TRY IT
Restate, exactly as written, the entries below from the line that holds "在2021-2022学年的教" through the line that holds "These elemental tone". Pictures are not part of the copy.

RAW DATA
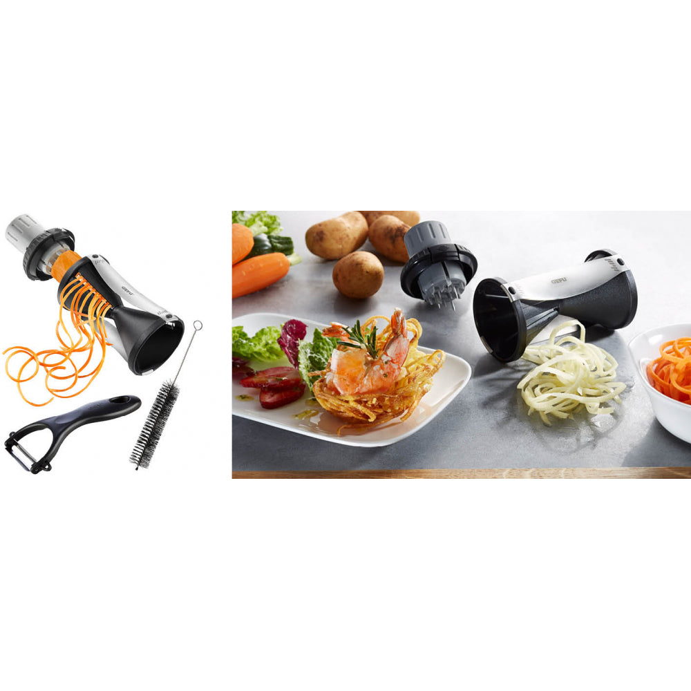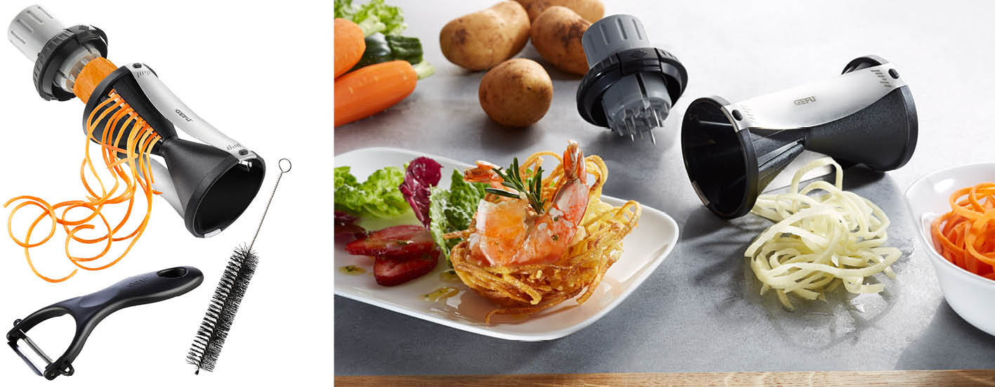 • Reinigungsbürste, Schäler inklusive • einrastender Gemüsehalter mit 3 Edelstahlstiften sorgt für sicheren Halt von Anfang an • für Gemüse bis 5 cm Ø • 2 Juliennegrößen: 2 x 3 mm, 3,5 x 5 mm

--

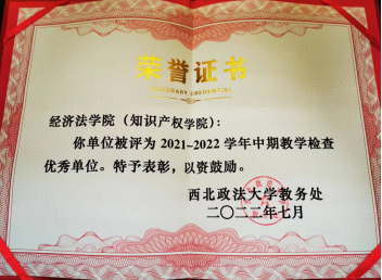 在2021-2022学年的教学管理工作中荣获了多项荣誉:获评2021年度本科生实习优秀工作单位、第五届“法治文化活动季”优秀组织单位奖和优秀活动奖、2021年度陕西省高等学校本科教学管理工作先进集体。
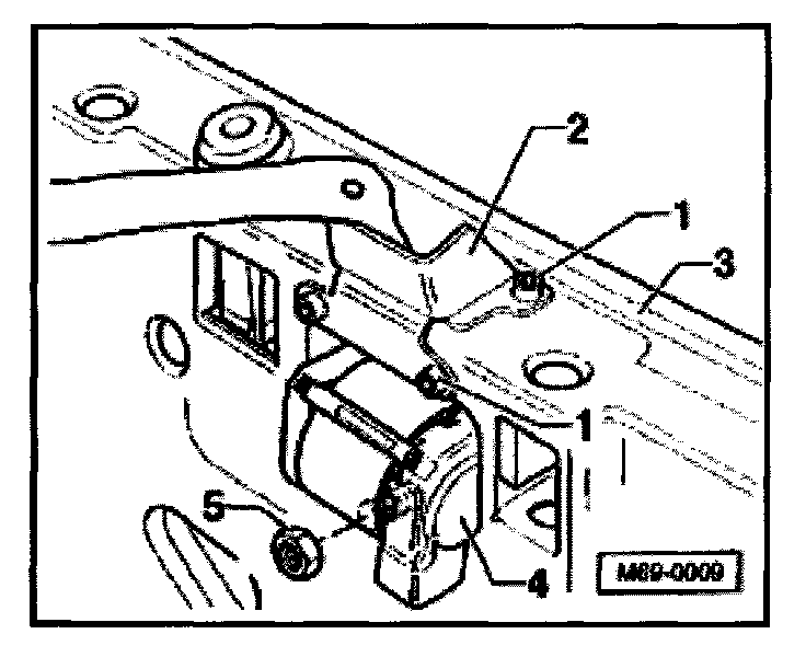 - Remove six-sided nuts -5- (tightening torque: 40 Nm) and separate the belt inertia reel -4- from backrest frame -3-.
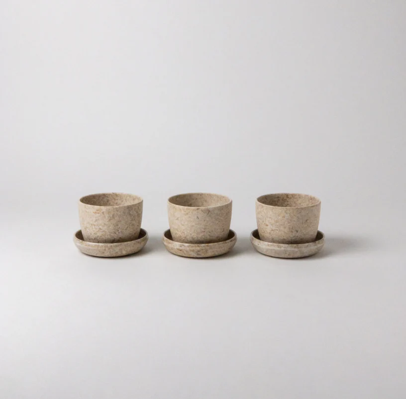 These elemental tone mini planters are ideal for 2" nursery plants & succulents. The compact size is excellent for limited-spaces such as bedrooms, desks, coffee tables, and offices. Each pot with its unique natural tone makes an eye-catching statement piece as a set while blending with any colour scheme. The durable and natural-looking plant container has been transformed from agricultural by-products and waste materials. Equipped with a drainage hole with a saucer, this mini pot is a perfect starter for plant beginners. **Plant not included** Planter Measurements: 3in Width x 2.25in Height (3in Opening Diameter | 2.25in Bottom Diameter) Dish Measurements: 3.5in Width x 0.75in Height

OUTPUT OF THE EXERCISE
 在2021-2022学年的教学管理工作中荣获了多项荣誉:获评2021年度本科生实习优秀工作单位、第五届“法治文化活动季”优秀组织单位奖和优秀活动奖、2021年度陕西省高等学校本科教学管理工作先进集体。
 - Remove six-sided nuts -5- (tightening torque: 40 Nm) and separate the belt inertia reel -4- from backrest frame -3-.
 These elemental tone mini planters are ideal for 2" nursery plants & succulents. The compact size is excellent for limited-spaces such as bedrooms, desks, coffee tables, and offices. Each pot with its unique natural tone makes an eye-catching statement piece as a set while blending with any colour scheme. The durable and natural-looking plant container has been transformed from agricultural by-products and waste materials. Equipped with a drainage hole with a saucer, this mini pot is a perfect starter for plant beginners. **Plant not included** Planter Measurements: 3in Width x 2.25in Height (3in Opening Diameter | 2.25in Bottom Diameter) Dish Measurements: 3.5in Width x 0.75in Height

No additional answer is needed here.